The Northern Territories government abandons plans to include the mining industry in new environmental laws

In the scrubby bush near the turnoff to popular waterfalls in Litchfield National Park, a small metal sign is the only clue that something is wrong.

“DO NOT ENTER. The land beyond this point has been declared a restricted use area,” it reads.

The mining industry, with the exception of oil companies, should be exempt from new environmental “chain of custody” laws.(ABC News: Michael Franchi)

This vast fenced area, 100 kilometers south of Darwin, was once the site of the Rum Jungle uranium mine, which fueled US and UK nuclear programs during the Cold War.

But nearly 50 years after its closure, Rum Jungle has left a legacy of environmental damage so severe it will cost hundreds of millions of dollars to rehabilitate over the next decade.

Rum Jungle is just one of many former disused mines in the Northern Territory, where taxpayers have been forced to pay multi-million dollar bills to limit their toxic consequences.

But some fear they will not be the last of the so-called ‘legacy mines’, after the Northern Territory government abandoned plans to tighten mining company liability laws.

“Rum Jungle is just a signal of what we’re looking for here in the territory, in terms of old mines,” said Kirsty Howey, co-director of the Environment Center NT.

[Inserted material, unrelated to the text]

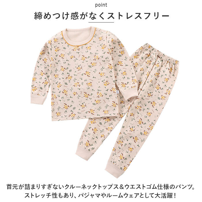 | 商品説明 | ・・着心地バツグン。デイリー使いにぴったりな、キッズ用パジャマセットが新登場。 ・【長袖のトップス&パンツセット】 ・ちょっぴり肌寒い日や季節の変わり目に!お手持ちのパーカーなどを羽織れば、ロングシーズン着用できるのも嬉しいポイント。 ・【優しい肌触り】 ・柔らかく程よい厚みの生地感。コットン素材なので、デリケートな肌に触れても安心。 ・【締めつけ感がなくストレスフリー】 ・首元が詰まりすぎないクルーネックトップス&ウエストゴム仕様のパンツ。ストレッチ性もあり、パジャマやルームウェアとして大活躍! ・【着脱カンタン】 ・ボタンなどがなく、お子さま1人でも着替えがラクチン。袖や裾部分は程よくフィットするリブタイプ。 ・【持ち運びにも便利】 ・折りたたんでもかさばりにくく、旅行などにもおすすめ。 ・【兄弟・姉妹お揃いで♪】 ・ナチュラル可愛いデザイン&4サイズ展開。お揃いコーデもできちゃう☆女の子のデザインは襟元にレースをプラス。 |

Chain of custody laws promised

In 2021, the Government of the Northern Territories announced that it would introduce “chain of liability” laws to ensure that even if an entity liable for environmental damage became financially insolvent, someone other than the taxpayer – as a parent company or a director – would be required to estimate.

But rather than limit the proposed laws to oil companies – as recommended by a scientific inquiry into hydraulic fracturing – the government said last year that the laws would apply to any activity that could harm the environment, including the mining industry at large.

“This was a watershed event in the history of environmental regulation in the Northern Territory,” said Ms Howey.

A mining site surrounded by trees is seen from above.
The Northern Territory government says it is putting in place “significant” environmental reforms.(ABC News: Michael Franchi)

But 12 months later, the government bill shows that the proposed laws will not cover all mining operations and will only apply to oil companies.

“To our surprise… the territorial government reneged on its promise to ensure that all mining activities would be subject to these important ‘chain of custody’ laws,” Ms Howey said.

“It is unacceptable for the mining industry to be given a pass here, while the gas industry needs to ensure that it complies with this legislation.”

A woman wearing glasses sits at a desk, looking at paper and holding a pen.
Kirsty Howey, from the Center for the Environment, says the changes made by the Northern Territories government are a “step backwards”.(ABC News: Che Chorley)

The change in government policy has also drawn ire from the Northern Land Council, which says indigenous landowners have always borne the brunt of mining pollution.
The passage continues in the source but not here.